Most command-line tools should not be async. A program that reads a file, processes it, and writes a result waits for one or two things, briefly, sequentially. Async buys it nothing and costs it complexity. The same goes for CPU-bound work (use threads or rayon) and for anything handling just a handful of concurrent operations (plain threads are simpler). Reach for async when you're handling many concurrent IO-bound operations at once, the classic case being a network service, and prefer the simpler tools everywhere else.

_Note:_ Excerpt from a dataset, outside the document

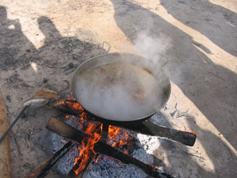 Cuando se van quedando con poca agua, se esclafan cinco huevos y
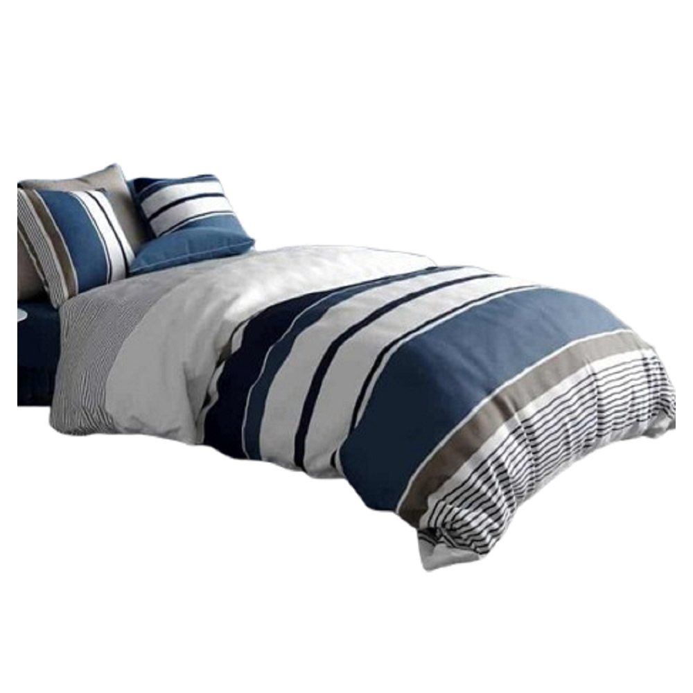 Les motifs linéaires de couleurs bleues, taupe et blanche avec sa finition bouteille permettront à votre de couette de rester bien en place. Les taies d'oreillers sont également fournies et assorties à la housse de couette.

Async is not a performance upgrade you sprinkle on
A common misconception is that async makes code faster, so you should make everything async. It doesn't, and you shouldn't. Async makes waiting cheaper to do at scale; it makes a single sequential computation slightly slower and more complex. Adding async/await to a CPU-bound or low-concurrency program is a pure loss: more dependencies, harder errors, no benefit. Choose async deliberately, for many-concurrent-waits workloads, not as a default. The honest framing throughout this chapter is that async is a specialized tool, not an upgrade.
What's coming
With the when settled, the rest of the chapter covers the how, and stays honest about the rough edges. Lesson 23.2 introduces the async/await syntax and the Future type that underlies it, including why you can't just call an async function like a normal one. Lesson 23.3 brings in Tokio, the runtime that actually runs async code, because, unlike threads, async needs an engine you supply. And lesson 23.4 is a field guide to the specific ways async bites: blocking the executor, Send troubles, cancellation, the seams, named plainly so you can step around them.
Quiz time
Question #1
What's the difference between CPU-bound and IO-bound work, and which one is async for?
Show solution
CPU-bound work is slow because the processor has a lot of computing to do (the CPU is busy); it's sped up by more processors working at once, i.e. threads. IO-bound work is slow because it's waiting for something external (network, disk, timer) while the CPU is mostly idle; here more processors don't help, not blocking a thread during the wait does. Async is for IO-bound work, the waiting kind.
Question #2
Why can a handful of OS threads handle tens of thousands of async tasks, when tens of thousands of threads would be impractical?
Show solution
Threads are heavyweight, each reserves a large stack (often megabytes) and burdens the OS scheduler, so tens of thousands waste enormous memory and scheduling effort, mostly on threads that are just waiting. Tasks are lightweight (kilobytes). When a task must wait, it steps aside and lets another ready task run on the same thread instead of blocking it. Since most tasks are waiting at any moment, a few threads can drive many tasks by always running whichever ones are ready.
Question #3
Give two kinds of program that should not be written with async, and why.
Show solution
(1) CPU-bound programs (image processing, simulation): the bottleneck is computation, not waiting, so async helps nothing, use threads or rayon. (2) Simple command-line tools and low-concurrency programs (read a file, process, write): they wait briefly and sequentially, so async adds complexity, a runtime dependency, and harder errors for no benefit. Async is worth its costs only for many concurrent IO-bound operations, typically network services.
You know when to reach for async. The next lesson (23.2) shows the syntax, async/await, and the lazy Future it produces, including the first surprise: an async function doesn't run when you call it.